March 3, 2011 04:41 AM EST

Southern Sudanese refugees in the Ugandan capital city of Kampala. | AP Photo Close

America has a choice to make. As the Senate begins debate on the budget for the
remainder of fiscal 2011, senators will have to decide what this country’s international
priorities are.
Throughout U.S. history, successive Republican and Democratic administrations and
Congress have understood that foreign humanitarian assistance is vital to safeguarding
both U.S. interests and our national ideals.
Sadly, the House version of this budget reflects a devastating retreat of U.S. global
leadership and influence. If the House’s drastic cuts to lifesaving aid are enacted, the U.S.
would be shamefully abandoning the world’s most vulnerable people.
Much of the critical food, water, shelter and medicine for people displaced by war and
persecution is funded through the Migration and Refugee Assistance and International
Disaster Assistance accounts. Migration and Refugee Assistance also funds the
resettlement of refugees in the United States, while IDA funds allow Washington to
respond to natural disasters.
These two accounts represent less than one-tenth of 1 percent of the entire federal
budget. So it is hard to understand why they have been targeted for such large cuts. The
2011 budget passed by the House would slash the Migration and Refugee Assistance
account by more than 40 percent. The International Disaster Assistance account would be
cut to less than half.
Make no mistake: This money saves lives. Here are a few examples of the effect that U.S.
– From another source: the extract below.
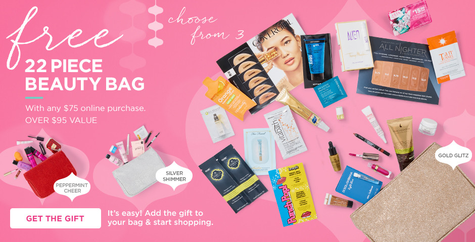 You will also get a FREE 22-Piece Beauty Bag with any $75 online purchase.

support has had in real terms for real people.
In Iraq, more than half the 1.5 million people now displaced internally are in desperate
need of shelter. The most vulnerable include about 500,000 people who live as squatters
in slum areas.
But with funding through the U.S. Bureau of Population, Refugees and Migration, the
basic humanitarian conditions have improved in these settlements. Washington also has
played a crucial role in promoting long-term solutions, like allocating land to people and
constructing new housing complexes. Abandoning these projects now would be a moral
and strategic blunder.
When the devastating magnitude 7 earthquake hit Haiti last January, in a matter of
seconds, hundreds of thousands of people were crushed by fallen buildings. A million
were instantly made homeless. The United States reacted immediately, through the
USAID Office of Foreign Disaster Assistance, to minimize the suffering and help the
Haitian people begin to rebuild their lives.
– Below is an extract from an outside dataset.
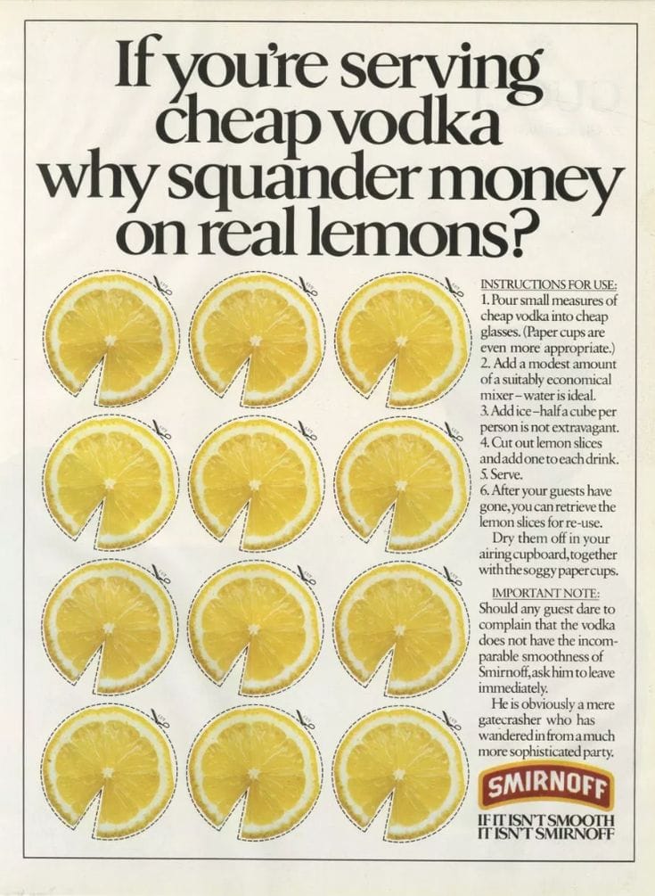 Smirnoff’s “If you’re serving cheap vodka” Ad

Just last month, Sudanese-Americans across the United States joined their countrymen
and women in a historic vote that will see the creation of a new nation. Those Sudanese-
Americans know firsthand the role that the United States played in helping them resettle
here. Now, they watch as U.S. support helps their friends and family back home begin the
process of building a new country.
For example, the Office of Foreign Disaster Assistance gave $4 million to help other
agencies establish contingency plans around the referendum. These funds proved
invaluable when 200,000 people returned to South Sudan, excited by the possibility of
determining the future of their country. As convoys made their way south, tens of
thousands of people ended up stranded in cities or along the road. This funding allowed
agencies to provide those people with food, health care and other basic necessities.
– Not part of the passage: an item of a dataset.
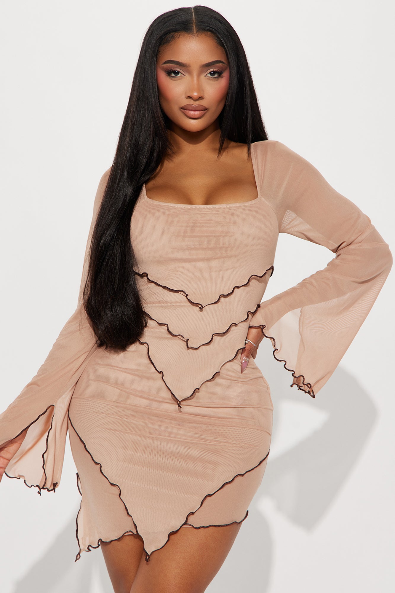 Enchanted Garden Mesh Mini Dress - Mocha/combo

If senators can restore humanitarian funding to at least fiscal 2010 levels, that would allow
the U.S. government to continue providing critical assistance to victims of war, persecution
and natural disasters.
These small pots of money reap tremendous rewards for displaced people around the
world. Such investment should be an obvious choice to make.

Michel Gabaudan is president of Refugees International, an advocacy group that receives


no funding from the U.S. government or the United Nations.